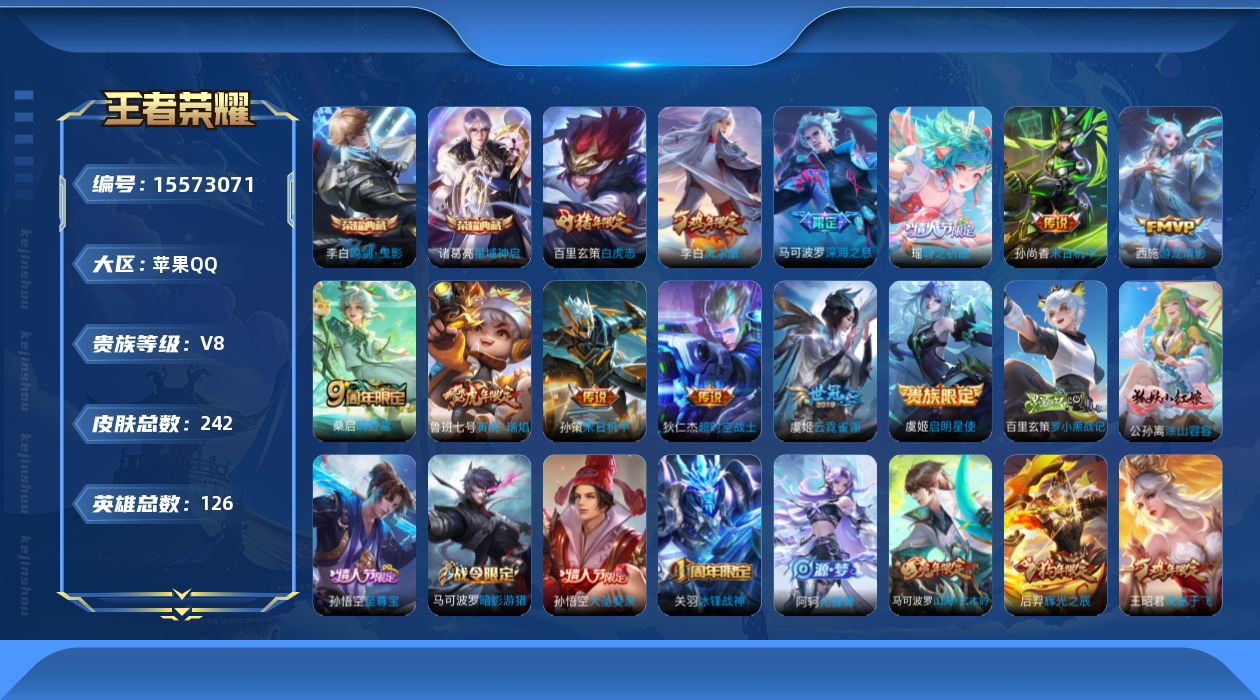 [15573071]V8 2典藏 13传说 126英雄 242皮肤 可修改实名
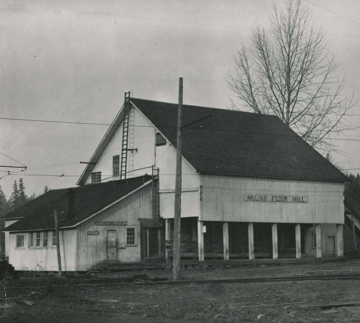 ![]()  Mulino Flour Mill; extension held post office, 1920. Courtesy Oregon Hist. Soc. Research Lib., Lot311392
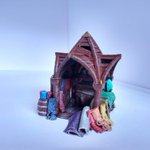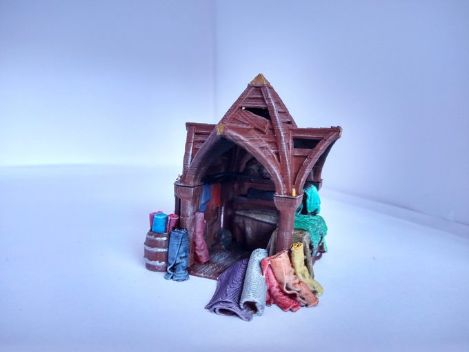 Progress 18: The fabric merchant: the texture of the 3d print worked super well for the wood. Less so for the fabrics. I still love the look! PLA, acrylics, inks. #dnd #minipainting #fantasy #miniatures #dnd5e #3dprinting #3dprint #minis #tabletop #tabletopgaming #dndart
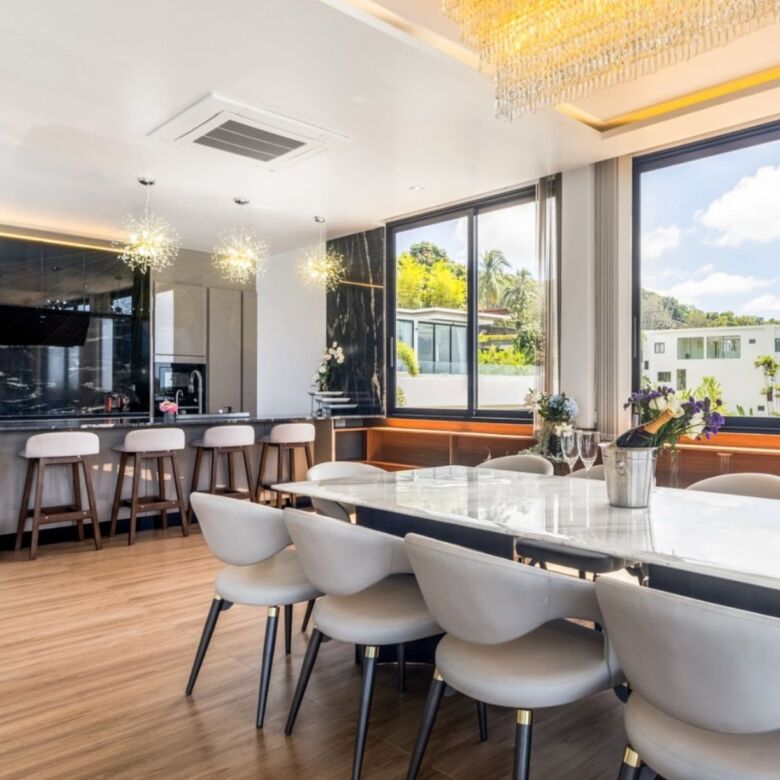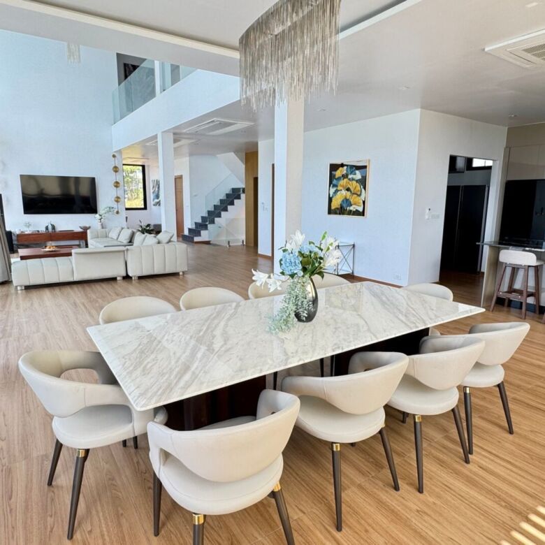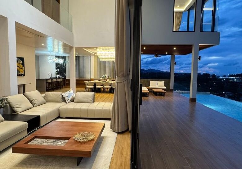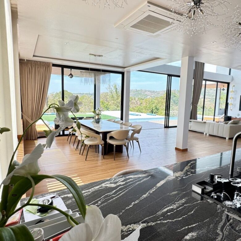 Located on a peaceful hillside near Layan Beach, this elegant 6-bedroom, 6-bathroom luxury pool villa offers refined living with expansive space, natural surroundings, and contemporary design. With a generous built-up area of 940 sqmset on a 414 sqm land plot, this fully furnished residence spans three levels, thoughtfully crafted for privacy, functionality, and breathtaking open views of the lush landscape and distant sea.

Your task: Repeat only the lines between the start of the data and the line with "Progress 18: The", including those two lines, and skip the pictures.

Problem solution:
 [15573071]V8 2典藏 13传说 126英雄 242皮肤 可修改实名
 ![]()  Mulino Flour Mill; extension held post office, 1920. Courtesy Oregon Hist. Soc. Research Lib., Lot311392
 Progress 18: The fabric merchant: the texture of the 3d print worked super well for the wood. Less so for the fabrics. I still love the look! PLA, acrylics, inks. #dnd #minipainting #fantasy #miniatures #dnd5e #3dprinting #3dprint #minis #tabletop #tabletopgaming #dndart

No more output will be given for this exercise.